[DFDL-WG] clarification needed - ambiguity about empty string and optional element

Steve Hanson smh at uk.ibm.com
Thu Aug 2 12:08:23 EDT 2018


First thing to note is that 'anyEmpty' means the sequence is 
non-positional, and in such a sequence I would expect initiators to be 
defined.

EmptyValueDelimiterPolicy not relevant as no initiator or terminator.

"Since the 'y' element decl does not specify a XSD default value, the 
concept of 'empty' and defaulting doesn't apply here". Not correct. The 
concept of empty applies; defaulting happens if empty & required & default 
set. 

For your "foo;" example, the infoset should not contain </y> because y is 
optional & empty & does not have initiator (spec 9.4.2.2):

Optional occurrence: If dfdl:emptyValueDelimiterPolicy is not 'none' then 
an item is added to the Infoset using empty string (type xs:string) or 
empty hexBinary (type xs:hexBinary) as the value, otherwise nothing is 
added to the Infoset. 

I think that the sentence can be clarified to say:

Optional occurrence: If dfdl:emptyValueDelimiterPolicy is applicable and 
not 'none' then an item is added to the Infoset using empty string (type 
xs:string) or empty hexBinary (type xs:hexBinary) as the value, otherwise 
nothing is added to the Infoset. 

Regards
 
Steve Hanson
IBM Hybrid Integration, Hursley, UK
Architect, IBM DFDL
Co-Chair, OGF DFDL Working Group
smh at uk.ibm.com
tel:+44-1962-815848
mob:+44-7717-378890
Note: I work Tuesday to Friday 



From:   Mike Beckerle <mbeckerle.dfdl at gmail.com>
To:     dfdl-wg at ogf.org
Date:   01/08/2018 19:42
Subject:        Re: [DFDL-WG] clarification needed - ambiguity about empty 
string  and optional element
Sent by:        "dfdl-wg" <dfdl-wg-bounces at ogf.org>



I omitted that dfdl:emptyValueDelimiterPolicy is 'both' here, though no 
dfdl:initiator nor dfdl:terminator are defined. 

Mike Beckerle | OGF DFDL Workgroup Co-Chair | Tresys Technology | 
www.tresys.com
Please note: Contributions to the DFDL Workgroup's email discussions are 
subject to the OGF Intellectual Property Policy


On Wed, Jul 11, 2018 at 8:16 AM, Mike Beckerle <mbeckerle.dfdl at gmail.com> 
wrote:
Consider this data of 4 characters:

foo;

Consider this schema where the default format is the basic general set of 
text-oriented defaults.

<xs:element name="ex_infix" dfdl:lengthKind="implicit">
  <xs:complexType>
    <xs:sequence dfdl:separator=";" 
dfdl:separatorSuppressionPolicy="anyEmpty" dfdl:separatorPosition="infix">
       <xs:element name="x" type="xs:string" dfdl:lengthKind="delimited"/>
       <xs:element name="y" type="xs:string" minOccurs="0" 
          dfdl:lengthKind="delimited"
          dfdl:occursCountKind="implicit"/>
   </xs:sequence>
 </xs:complexType>
</xs:element>
           
This is in a current Daffodil unit test, and produces this infoset:

<ex_infix><x>foo</x><y/></ex_infix>

That is, an empty string element is created for element 'y'. 

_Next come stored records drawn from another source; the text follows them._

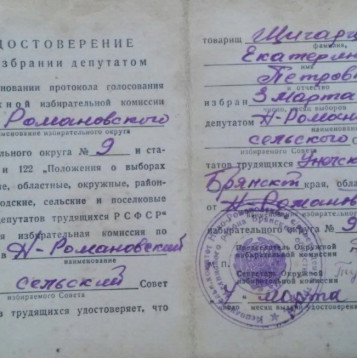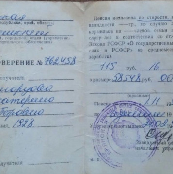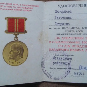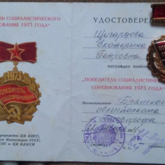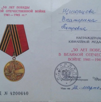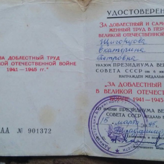 мог на себе принести ребенок. Да и все эти веточки сгорали быстро, а тепла от них было не так много, поэтому в лес приходилось ходить каждый день. Да и работу в колхозе никто не отменял. Нужно было ухаживать за животными. Все время, до самых заморозков, ходили босиком. Из одежды была юбка и какая-нибудь кофточка, которая от худобы висела как на колышках. У всех и у детей и у взрослых жизнь была одинаково тяжелой. Да и не было такой категории, как ребенок. Все были колхозниками, помощниками фронта. И никаких поблажек детям не делалось. Все домашние дела старались сделать на рассвете, так как в пять утра нужно было идти на колхозные поля: сажать, полоть, убирать урожай или заготавливать сено или другие корма для животных на зиму. Пока в поле сено не убрали, никто не уходит. Работали с рассвета и до позднего вечера. А за всю эту работу денег не платили, а ставили только трудодни и давали кое-какие продукты. Дети участвовали в посевных работах, занимались заготовкой зерна, заготовкой сена, работа на ферме, на лесозаготовках не обходились без них. Да, наверное, и нет такого труда в колхозе, где не работали дети. А после войны работать стало не легче, но радостнее. От мысли, что все это закончилось, что мы победили, хотелось работать с удвоенной силой. В фронта не вернулся отец. Его убили в 1944году. В первый год войны умерла младшая сестра Настенька, которой было чуть больше годика. Все это оставило неизгладимый след в жизни моей прабабушке. Как самая старшая из детей она всю жизнь чувствовала ответственность за своих младших братьев. Всю жизнь с ней жила ее мама, о которой она заботилась до последних дней. Чувство ответственности и заботы о всех кто ее окружает, несоизмеримая любовь к труду и бережливости не только своего, но и колхозного навсегда осталось с ней. Екатерина Петровна всю свою жизнь проработала в колхозе «Авангард» в родном селе. Ее трудный трудовой путь начался в 13 лет и продолжался всю ее жизнь. Она работала и в поле, была бригадиром, работала заведующей свинофермы, избиралась депутатом сельского совета, имеет много наград, среди которых «Победитель социалистического соревнования», медаль «За доблестный труд в Великой Отечественной войне 1941-1945 гг.», Имеет звание «Ветерана труда» и другие награды. В 1994 году ушла на пенсию, проработав в колхозе более 50 лет.
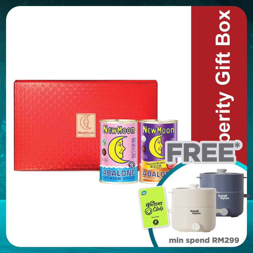 * New Moon New Zealand Abalone (425g can) Each can contains 1.5 pieces of abalone. * New Moon Coin Gift Box – Japanese Species Imperial Braised Abalone Each can consists of 10 pieces of abalone.
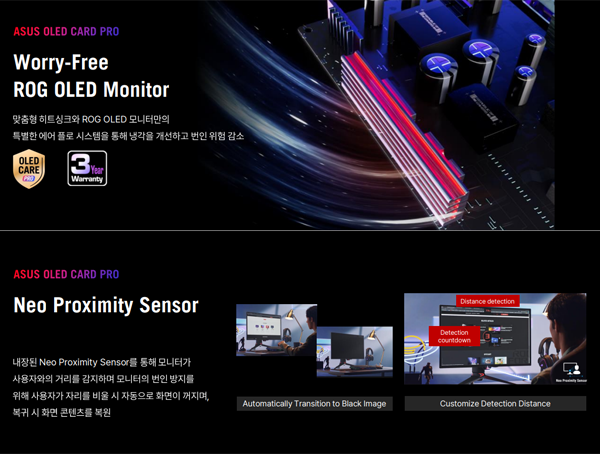 또한 맞춤형 히트싱크와 ROG OLED 모니터만의 특별한 에어 플로우 시스템을 통해 냉각을 개선하여 OLED 모니터의 약점으로 꼽히는 번인 위험을 감소시켰며, 내장된 신형 근접 센서(Neo Proximity Sensor)가 사용자와 모니터 사이의 거리를 감지하여 사용자가 자리를 비웠을 때 자동으로 화면이 꺼지고 복귀했을 때 화면이 복원되는 방식으로 장시간 자리를 비웠을 때 모니터에 번인 현상이 발생하지 않도록 했다.
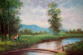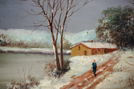 Coppia di paesaggi, olio su tavola, cm 20x30, siglati, entro cornice
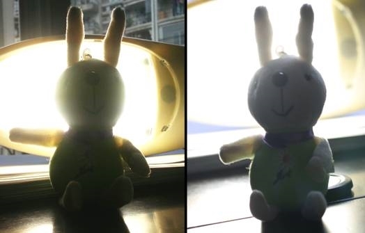 下面两幅图,背景用一个台灯开启强光,处于逆光下拍摄。由于背景的光线太强,拍摄主体的正面与背面的强烈的反差对比,手机由于宽容度有限,能记录下的细节层次明显减少很多。而单反由于感光原件大,可以接受更多的光线,拍摄的画面在层次上就明显优于手机。
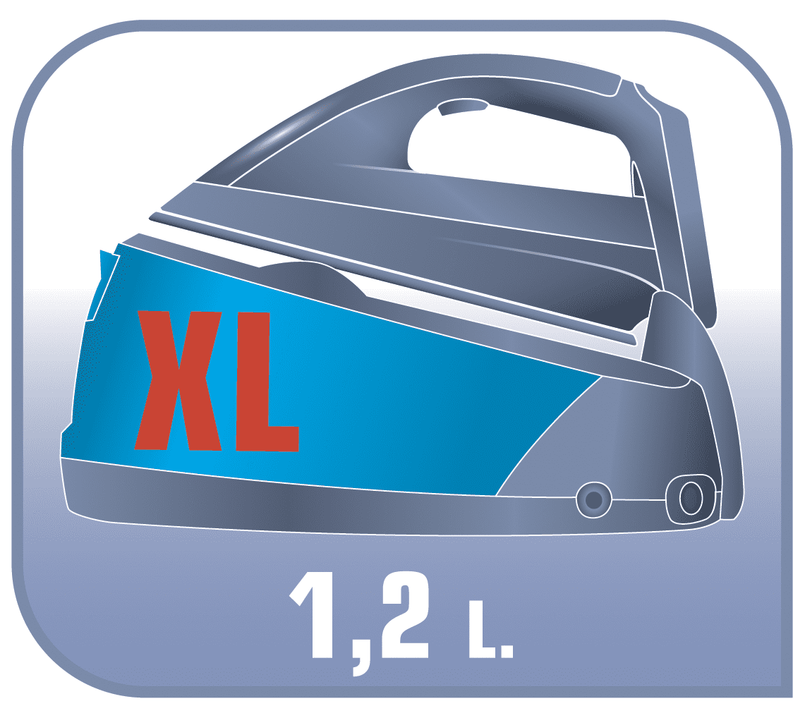 Spremnik za vodu volumens 1,2 litre s XL filtrom omogućuje duže vrijeme glačanja.
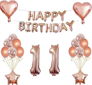 Oumezon 11 Geburtstag Mädchen Dekoration Rose Gold, 11. Geburtstag deko für Mädchen Jungen Happy Birthday Girlande Banner Folienballon Konfetti Luftballons Deko Geburtstag Party Anzahl Ballons
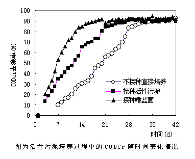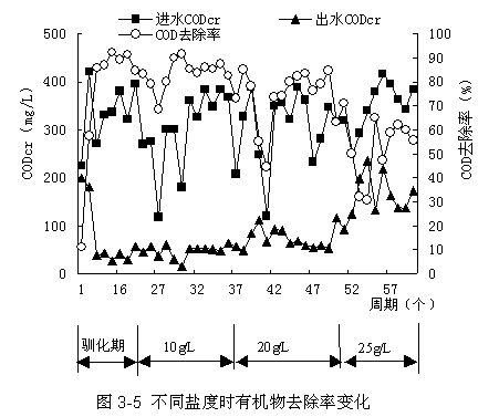 耐鹽微生物:能耐受一定濃度的鹽溶液,但在無鹽條件下生長比較好,其生長也不需要大量無機鹽。 ![]() ![]() 此圖為部分適鹽微生物形態的電鏡圖 4 生物處理高鹽污水遇到的問題 鹽度適應差 傳統活性污泥法馴化處理鹽度低于2%含鹽廢水。 當鹽度環境變為淡水環境時,污泥的適應性會很快消失。 鹽度變化影響大 鹽度在0.5~2%變化通常會對處理系統產生嚴重的干擾。 突然變化鹽度比逐漸變化鹽度對系統的干擾更大 從高鹽變為無鹽產生影響比低鹽環境變為高鹽環境產生的影響要大 降解速率緩慢 隨著鹽度的升高有機物降解速率下降,因此低F/M更適合含鹽廢水的處理。圖3.5為SBR法處理在各鹽度下的處理效果。 污泥流失嚴重 鹽度改變污泥中微生物的組成,改變了污泥的沉淀性和出水SS,污泥流失嚴重.
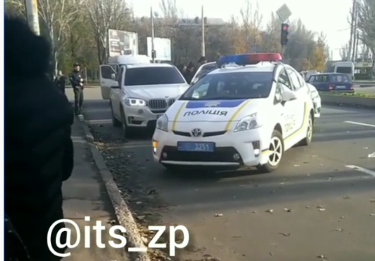 В сети появилось видео, как патрульные оцепили BMW со стрелявшими в Запорожье
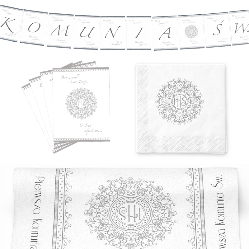 W skład zestawu wchodzi bieżnik, serwetki oraz baner. Bieżnik wyróżnia się eleganckim wzorem inspirowanym delikatną koronką oraz symbolem IHS umieszczonym w centralnej części. Ponadto jego jasna kolorystyka sprawia, że doskonale komponuje się z białą zastawą i dodatkami. Serwetki również zdobione są srebrnym ornamentem oraz symbolem eucharystycznym, dlatego tworzą spójną całość z bieżnikiem. Dodatkowo w zestawie znajduje się baner z napisem „Moja I Komunia Św”. Na każdej z nich widnieje pojedyncza litera, co pozwala stworzyć efektowną dekorację ściany lub przestrzeni nad stołem. Dodatkowo na każdej literze napisu znajduje się również fragment tekstu religijnej pieśni, co nadaje banerowi jeszcze większy głęboki charakter.
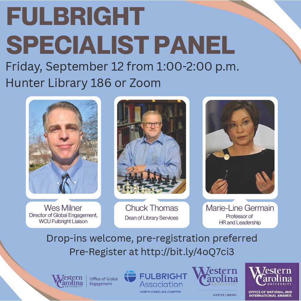 Our chapter is pleased to co-sponsor a Fulbright Specialist panel at Western Carolina University (WCU). See the flyer for complete details. Registration is available at https://bit.ly/4oQ7ci3.
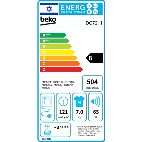 מייבש כביסה 7 ק"ג דגם DC7211 בקו Beko בקו - מידע נוסף
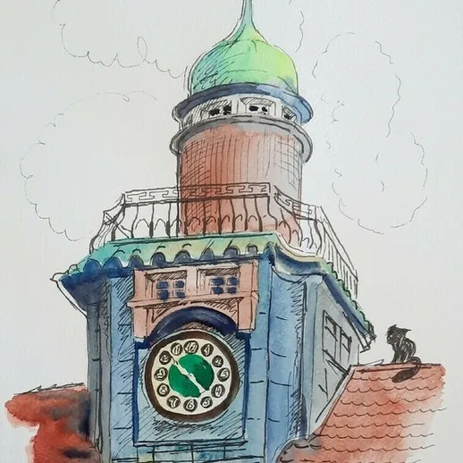 Продолжаем знакомство со скетчингом рисуя трамвайчик.
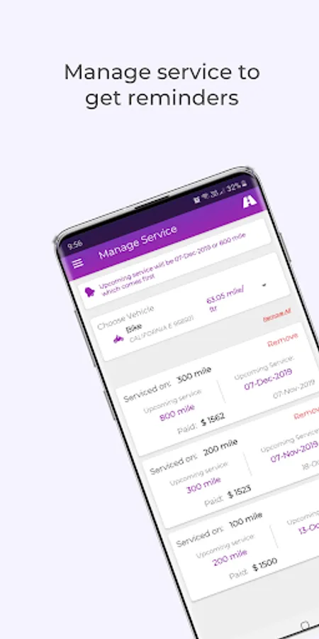 - Insurance Reminder - Get next service/insurance calculation.

I'd like to know what IBM DFDL produces as the infoset for this example. 

I believe the DFDL spec is actually self-contradictory and so ambiguous 
here about what is the right behavior.

DFDL Spec 14.2.1 description of anyEmpty: "...any occurrences that have 
zero length representation MAY be omitted from the data, along with their 
associated separator." 
Note that it says "may", not "must be". So anyEmpty is "lax" in insisting 
that the zero-length elements aren't present.
This doesn't clarify anything for us. But it admits the possibility that 
the ";" separator appears even if the 'y' element occurrence is determined 
to not exist.  

DFDL Spec 9.3.1.1 says an element is known to exist if it has the nil, 
empty, or normal representation
In the example, element 'y' is zero-length which is either empty or normal 
representation since a string can have "" (empty string) as a value. 
Since the 'y' element decl does not specify a XSD default value, the 
concept of 'empty' and defaulting doesn't apply here, so a zero-length 
string is a normal representation, and according to this section, it is 
known-to-exist.  
This contradicts 9.4.2.2 below.

DFDL Spec 9.3.1.3 says "Note: based on the above, when processing a 
sequence for which a separator is defined, the presence of a match in the 
data for the separator is not sufficient to cause the parser to determine 
that an associated component is known-to-exist." It then refers you to 
14.2.1
I don't think this changes anything. Again it just admits that the 
separator ";" can appear even without the following element. I.e., I think 
it just allows for lax processing of excess separators.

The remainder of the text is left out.